What to do:
Look for the line with "Enfin, un challenge" in the data below, then reproduce word for word that line and every line after it. Leave out all pictures and add nothing.

○ ○ ○ ○

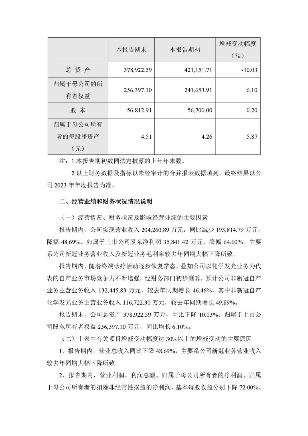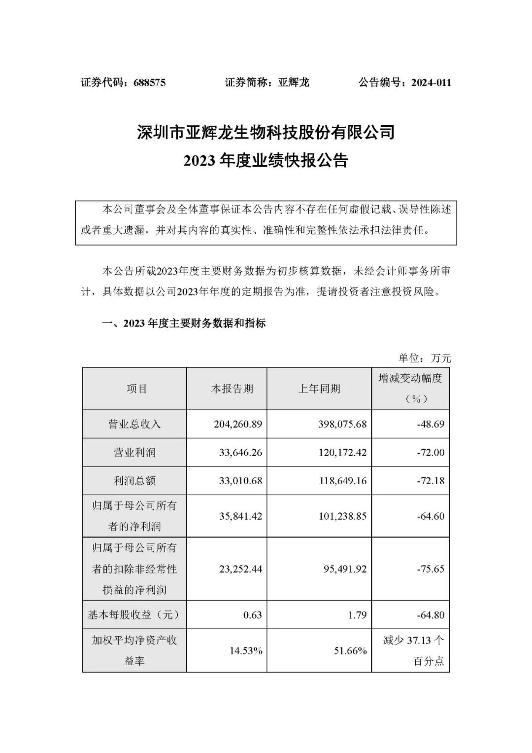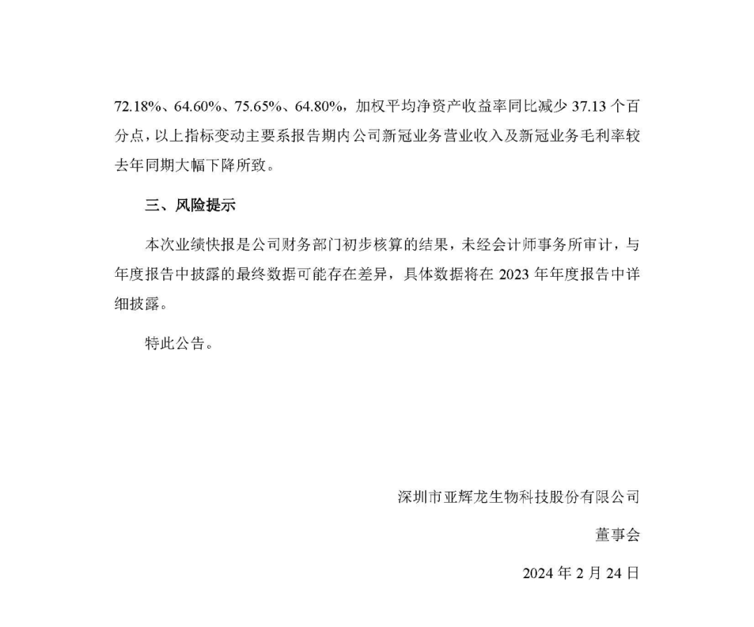 2月23日,亚辉龙发布2023年度业绩快报。报告期内,公司实现营业收入204,260.89万元,同比减少193,814.79万元,降幅48.69%。归属于上市公司股东净利润35,841.42万元,降幅64.60%。主要系公司新冠业务营业收入及新冠业务毛利率较去年同期大幅下降所致。
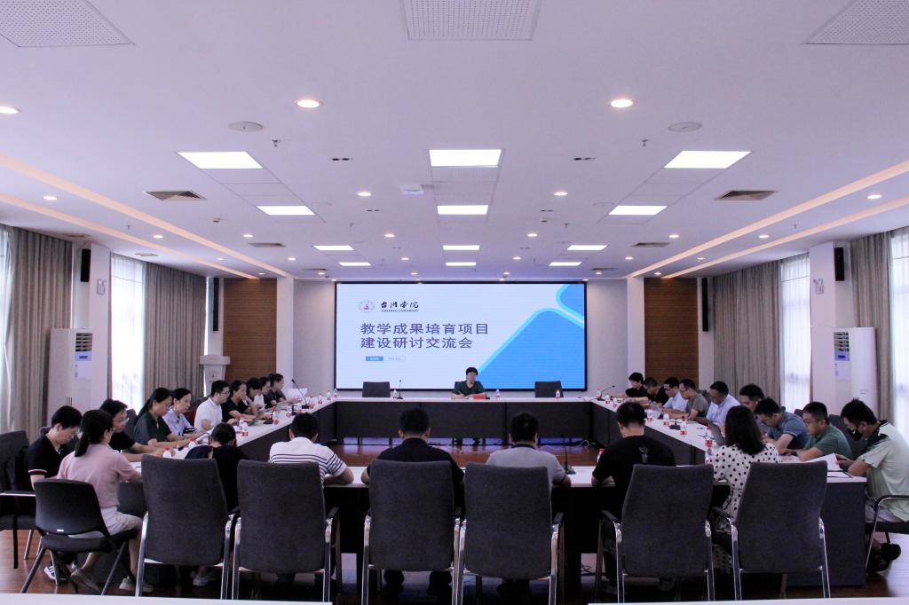为做好国省级教学成果奖培育工作,7月3日下午,学校在椒江校区行政楼第二会议室召开教学成果培育项目建设研讨交流会,校党委委员、副校长李钧敏出席会议并讲话,教务处处长金凌虹主持,2022年立项的教学成果培育项目负责人及骨干成员参会。
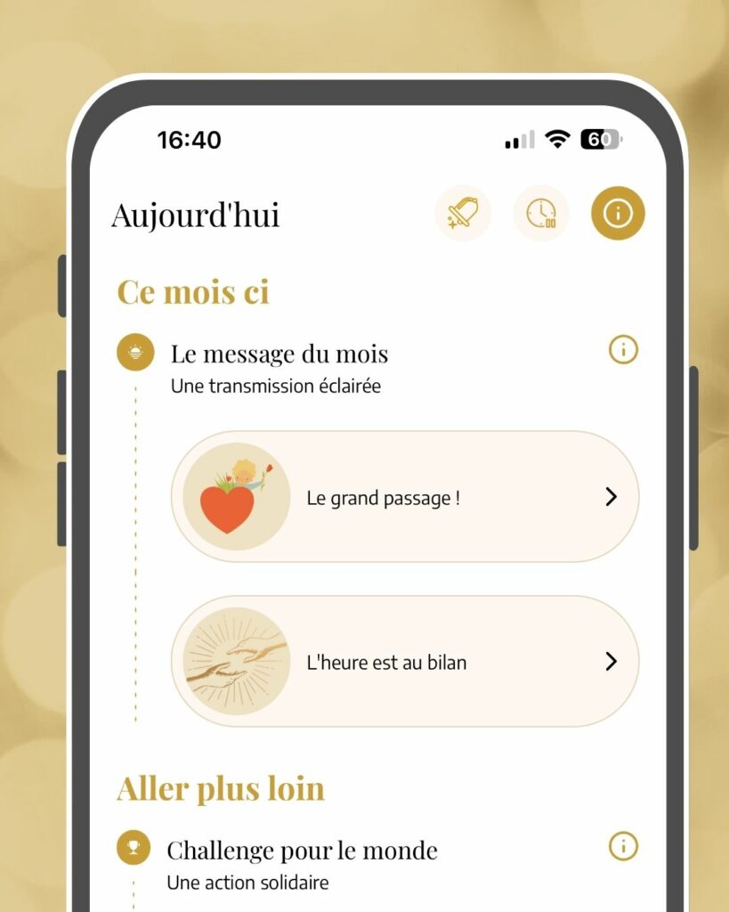 Enfin, un challenge est proposé une fois par mois. Il s’agit ici d’apprendre à réaliser une action désintéressée. Ce challenge est un don que vous offrez au monde à travers votre action. Tous les mois, de nouvelles actions sont proposées en ce sens. S’ouvrir à la dimension du don, du partage et de l’amour est un pilier de l’application mobile.
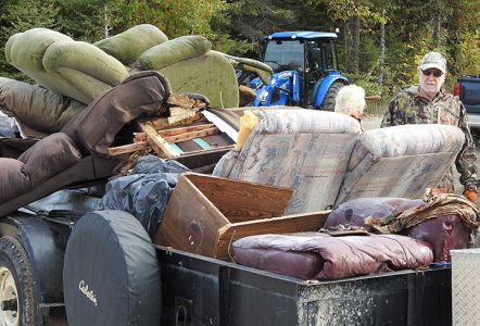 - News Photo by Julie Riddle Cleanup organizer Pat Gallagher looks at a trailer load of furniture hauled out of the woods along Hamilton Road north of Alpena on Saturday.
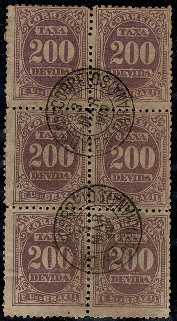 ◉ 22 – 200Réis – Sextilha vertical com duplo carimbo da Adm. dos Correios (PR) 3.Mar.1900 .

○ ○ ○ ○

Output for this exercise:
 Enfin, un challenge est proposé une fois par mois. Il s’agit ici d’apprendre à réaliser une action désintéressée. Ce challenge est un don que vous offrez au monde à travers votre action. Tous les mois, de nouvelles actions sont proposées en ce sens. S’ouvrir à la dimension du don, du partage et de l’amour est un pilier de l’application mobile.
 - News Photo by Julie Riddle Cleanup organizer Pat Gallagher looks at a trailer load of furniture hauled out of the woods along Hamilton Road north of Alpena on Saturday.
 ◉ 22 – 200Réis – Sextilha vertical com duplo carimbo da Adm. dos Correios (PR) 3.Mar.1900 .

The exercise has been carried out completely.